_Task directions_
Quote only the span from the first line of the entries to the line containing "セレクション Powered by", both ends kept. Leave every picture out.

Source data
- Opening Delimiter -
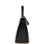 Hermes Special Order (HSS) Kelly Sellier 25 Nata and Black Chevre Mysore Brushed Palladium Hardware
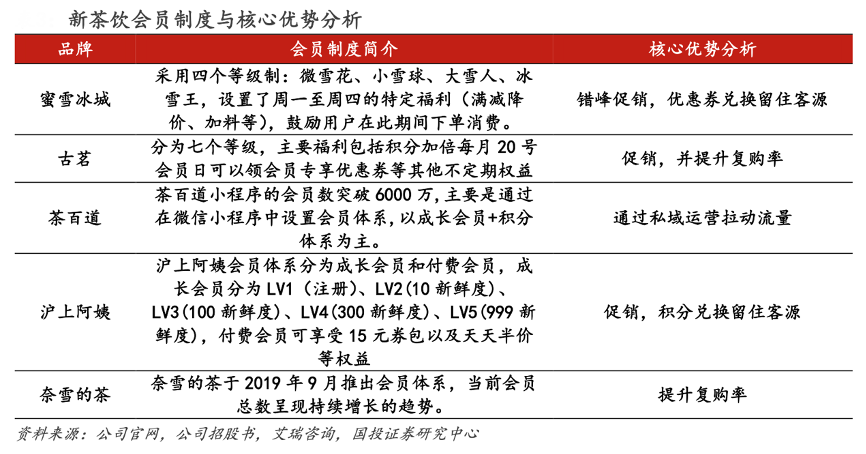 經(jīng)典案例:根據(jù)公司官網(wǎng)、公司招股書(shū)、艾瑞咨詢(xún)、國(guó)投證券研究中心等綜合資訊表明,五家茶飲企業(yè)均采用會(huì)員制的方式進(jìn)行客戶(hù)留存,以提升新客轉(zhuǎn)化率。會(huì)員制的核心目在于,通過(guò)積分的方式推進(jìn)復(fù)購(gòu)率的提升,推動(dòng)老客群體的多次消費(fèi);同時(shí)以會(huì)員制形成一個(gè)較好的渠道,從而使得新茶飲企業(yè)利用新媒體進(jìn)行更多的私域流量引流。
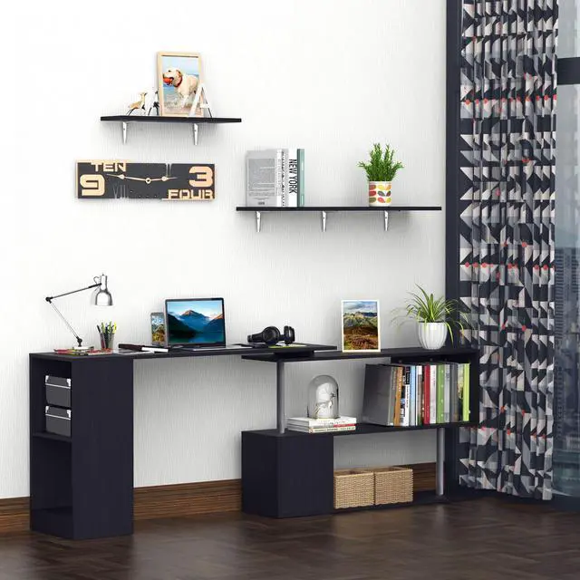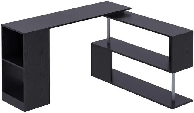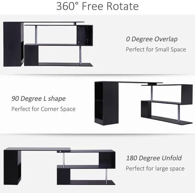 The Aosom L-shaped corner desk features a unique rotating design that can be adjusted to your needs and contains plenty of storage space. The modern look adds a touch of class to your office or home and is crafted from high grade materials. Create a stylish workstation, storage unit, and display case in one with this unique offering from your friends at Aosom.
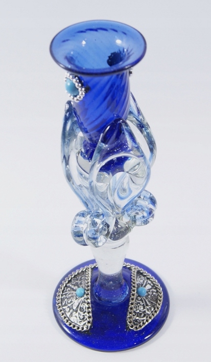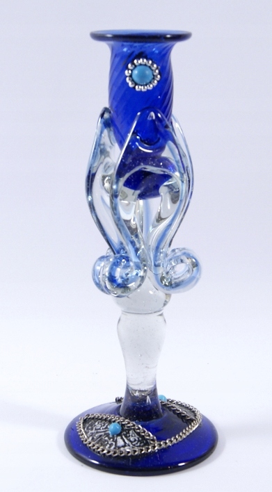 Прекрасная, старая подсвечника- ручная работа и украшен качанием- 20,8 см
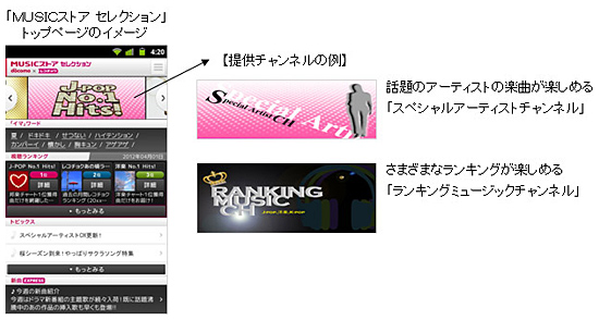 「MUSICストア セレクション Powered by レコチョク」は、月額315円で聞き放題の音楽ストリーミングサービス。アーティストごとの「スペシャルアーティストチャンネル」や、さまざまなランキングが楽しめる「ランキングミュージックチャンネル」など、8つのチャンネルを用意する。各チャンネル内に複数の番組を設け、50番組で毎月2000曲以上を配信する。
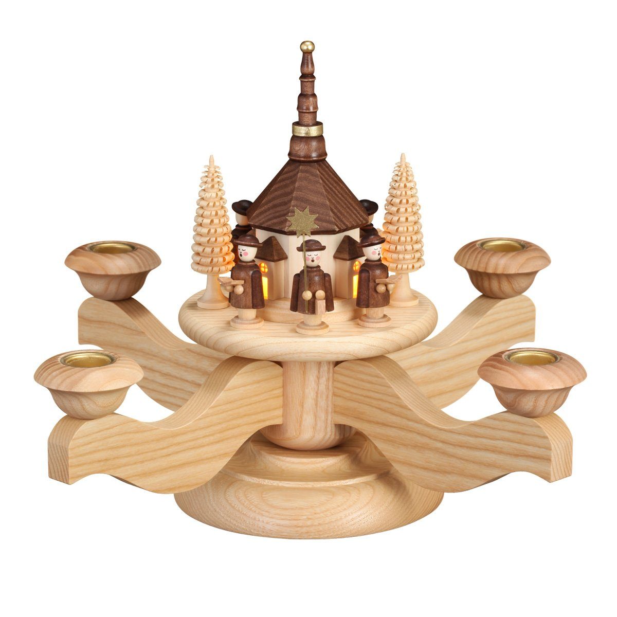 Erzgebirgische Adventsleuchter bilden seit den Anfängen der Holzkunstherstellung einen festen Bestandteil einer weihnachtlichen Tischdekoration. Vormals mit wichtiger Funktion – hauptsächlich als Lichtquelle – dienen sie heute eher als Dekoration, möglichst mit einem eingelegten Adventskranz aus satten Reißigzweigen. Dem Brauchtum nach sollte an jedem Advent jeweils eine weitere der vier Kerzen angezündet werden. Auch wir haben die Geschichte des Leuchters mitgeprägt - der Volkskunstwerkstatt Unger ist es zu verdanken, dass erstmals 1992 eine innenbeleuchtete Seiffener Kirche umsäumt von sechs Kurrendesängern als Motiv einen Tischleuchter zierte. Die Beleuchtung wird mit einer auswechselbaren AAA-Batterie betrieben, die eine Leuchtdauer von ca. 100 Stunden hat. Der Schalter befindet sich an der Motivplatte.Jeder unserer Artikel wird aufwändig per Hand montiert und mehrmals ausgerichtet, damit Sie ein Produkt erhalten, an dem Sie und auch nachfolgende Generationen noch Ihre Freude haben. Wir sind zertifizierter Hersteller Original Erzgebirgischer Volkskunst.
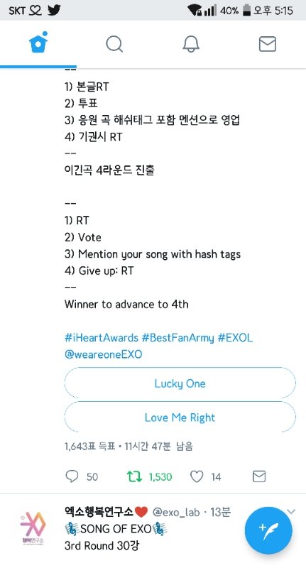 타이틀중에 제일 좋아하능곡이 럭키원이랑 럽란데
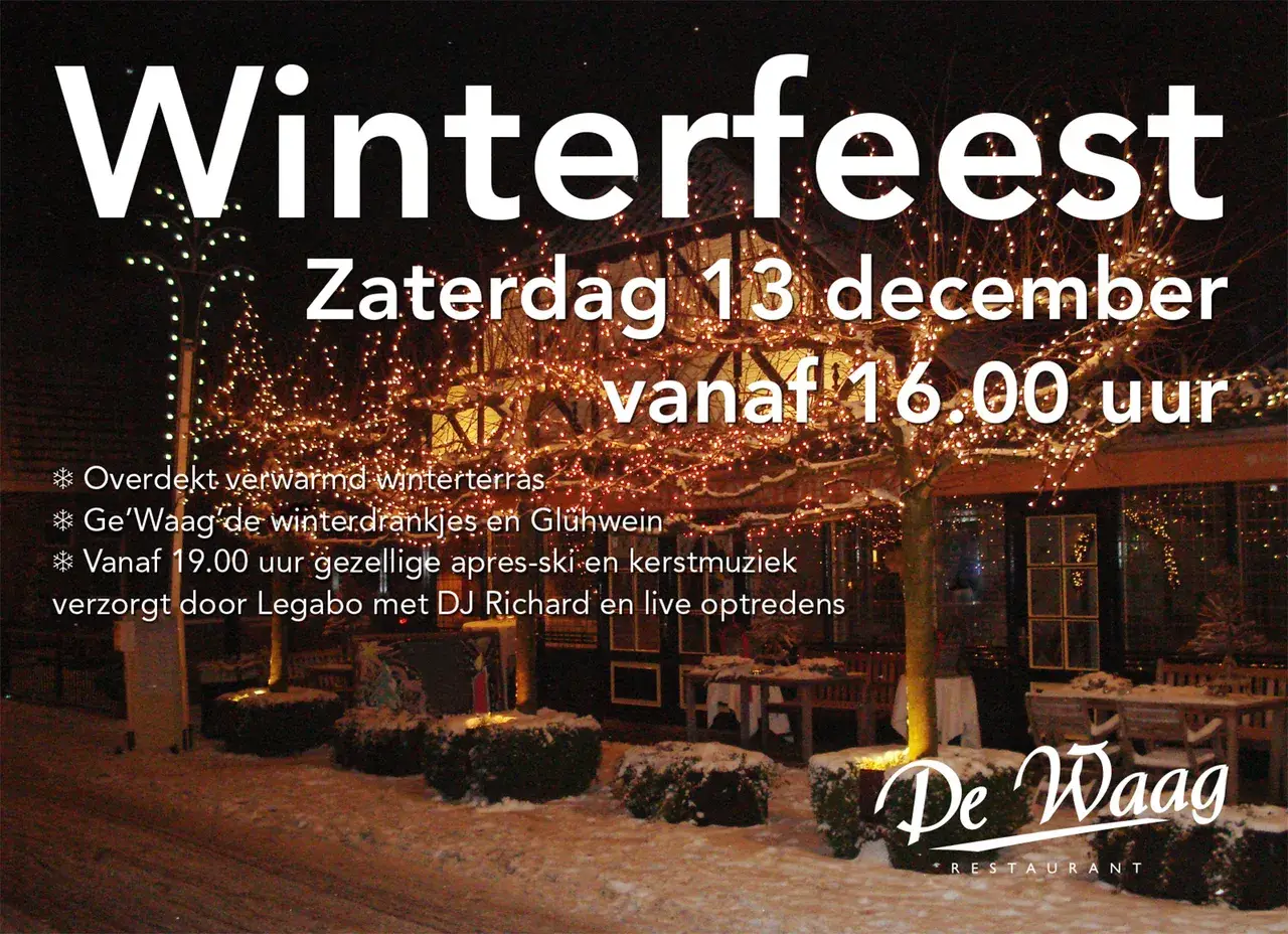 Vier de winter en kom in kerstsfeer bij restaurant De Waag. Geniet van een overdekt winterterras, winterdrankjes, Glühwein en gezellige après-ski en kerstmuziek.
- Closing Delimiter -
_Final answer_
 Hermes Special Order (HSS) Kelly Sellier 25 Nata and Black Chevre Mysore Brushed Palladium Hardware
 經(jīng)典案例:根據(jù)公司官網(wǎng)、公司招股書(shū)、艾瑞咨詢(xún)、國(guó)投證券研究中心等綜合資訊表明,五家茶飲企業(yè)均采用會(huì)員制的方式進(jìn)行客戶(hù)留存,以提升新客轉(zhuǎn)化率。會(huì)員制的核心目在于,通過(guò)積分的方式推進(jìn)復(fù)購(gòu)率的提升,推動(dòng)老客群體的多次消費(fèi);同時(shí)以會(huì)員制形成一個(gè)較好的渠道,從而使得新茶飲企業(yè)利用新媒體進(jìn)行更多的私域流量引流。
 The Aosom L-shaped corner desk features a unique rotating design that can be adjusted to your needs and contains plenty of storage space. The modern look adds a touch of class to your office or home and is crafted from high grade materials. Create a stylish workstation, storage unit, and display case in one with this unique offering from your friends at Aosom.
 Прекрасная, старая подсвечника- ручная работа и украшен качанием- 20,8 см
 「MUSICストア セレクション Powered by レコチョク」は、月額315円で聞き放題の音楽ストリーミングサービス。アーティストごとの「スペシャルアーティストチャンネル」や、さまざまなランキングが楽しめる「ランキングミュージックチャンネル」など、8つのチャンネルを用意する。各チャンネル内に複数の番組を設け、50番組で毎月2000曲以上を配信する。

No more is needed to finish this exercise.